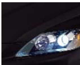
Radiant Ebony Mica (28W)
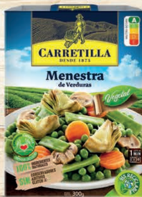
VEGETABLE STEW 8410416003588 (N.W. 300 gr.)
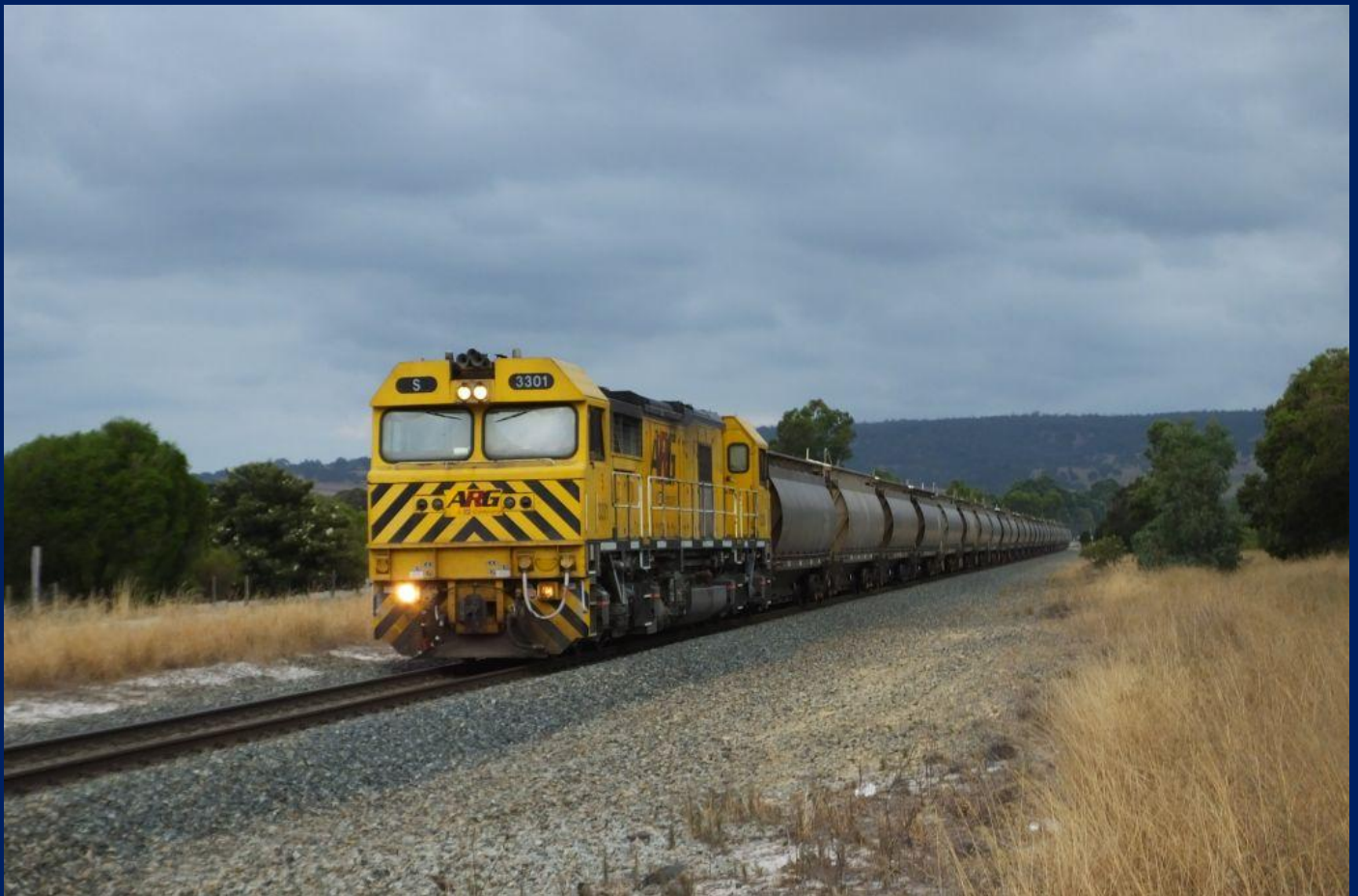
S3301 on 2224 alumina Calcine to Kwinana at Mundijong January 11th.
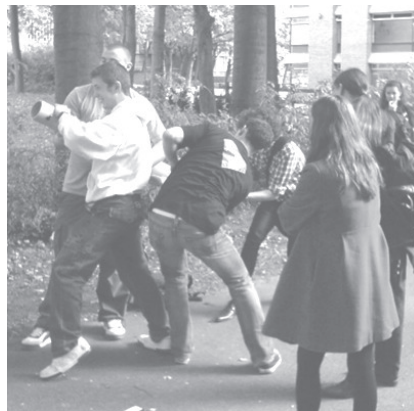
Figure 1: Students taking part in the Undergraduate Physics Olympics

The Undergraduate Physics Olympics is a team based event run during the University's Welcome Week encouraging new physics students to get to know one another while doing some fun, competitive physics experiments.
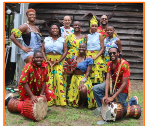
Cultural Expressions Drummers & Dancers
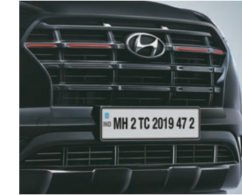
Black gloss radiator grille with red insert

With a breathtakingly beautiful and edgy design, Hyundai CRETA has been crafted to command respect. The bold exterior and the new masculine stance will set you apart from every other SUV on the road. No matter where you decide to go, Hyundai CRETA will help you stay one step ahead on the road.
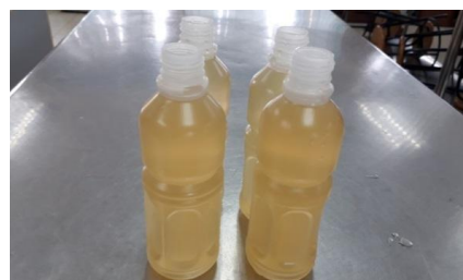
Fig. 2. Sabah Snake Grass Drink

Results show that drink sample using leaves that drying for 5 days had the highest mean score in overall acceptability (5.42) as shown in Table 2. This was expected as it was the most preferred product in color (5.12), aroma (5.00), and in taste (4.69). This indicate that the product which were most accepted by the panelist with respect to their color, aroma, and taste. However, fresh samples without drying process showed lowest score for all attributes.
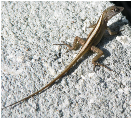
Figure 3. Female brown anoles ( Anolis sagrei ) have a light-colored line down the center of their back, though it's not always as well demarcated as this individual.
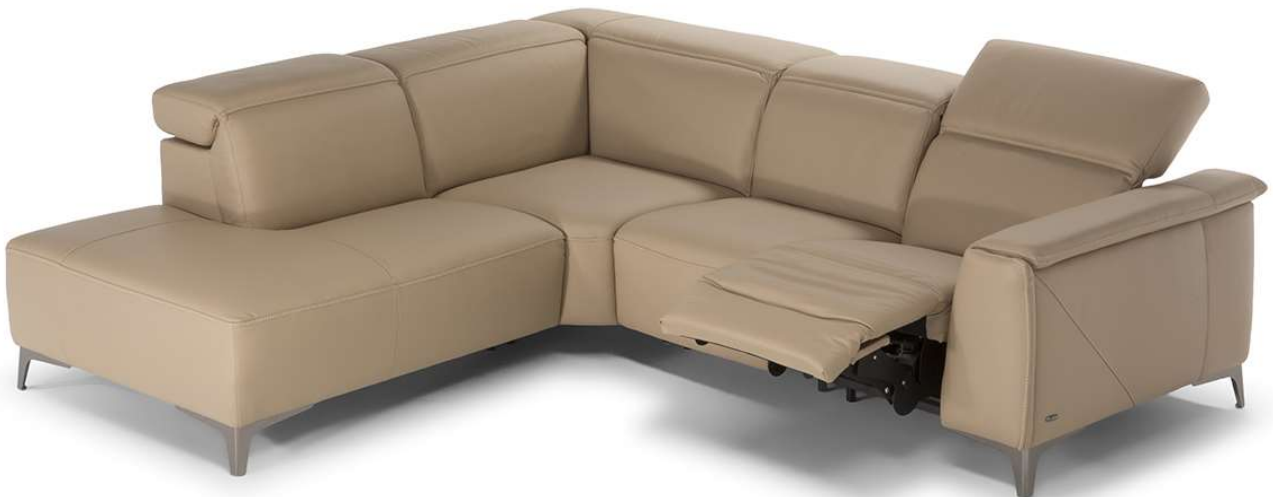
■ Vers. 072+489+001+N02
+---+
WHAT IS EXPECTED: A clean copy is needed of the lines above from the one with "S3301 on 2224" up to and including the one with "Black gloss radiator grille with red insert". Please set it down exactly, with no pictures.

EXERCISE SOLUTION:
S3301 on 2224 alumina Calcine to Kwinana at Mundijong January 11th.
Figure 1: Students taking part in the Undergraduate Physics Olympics

The Undergraduate Physics Olympics is a team based event run during the University's Welcome Week encouraging new physics students to get to know one another while doing some fun, competitive physics experiments.
Cultural Expressions Drummers & Dancers
Black gloss radiator grille with red insert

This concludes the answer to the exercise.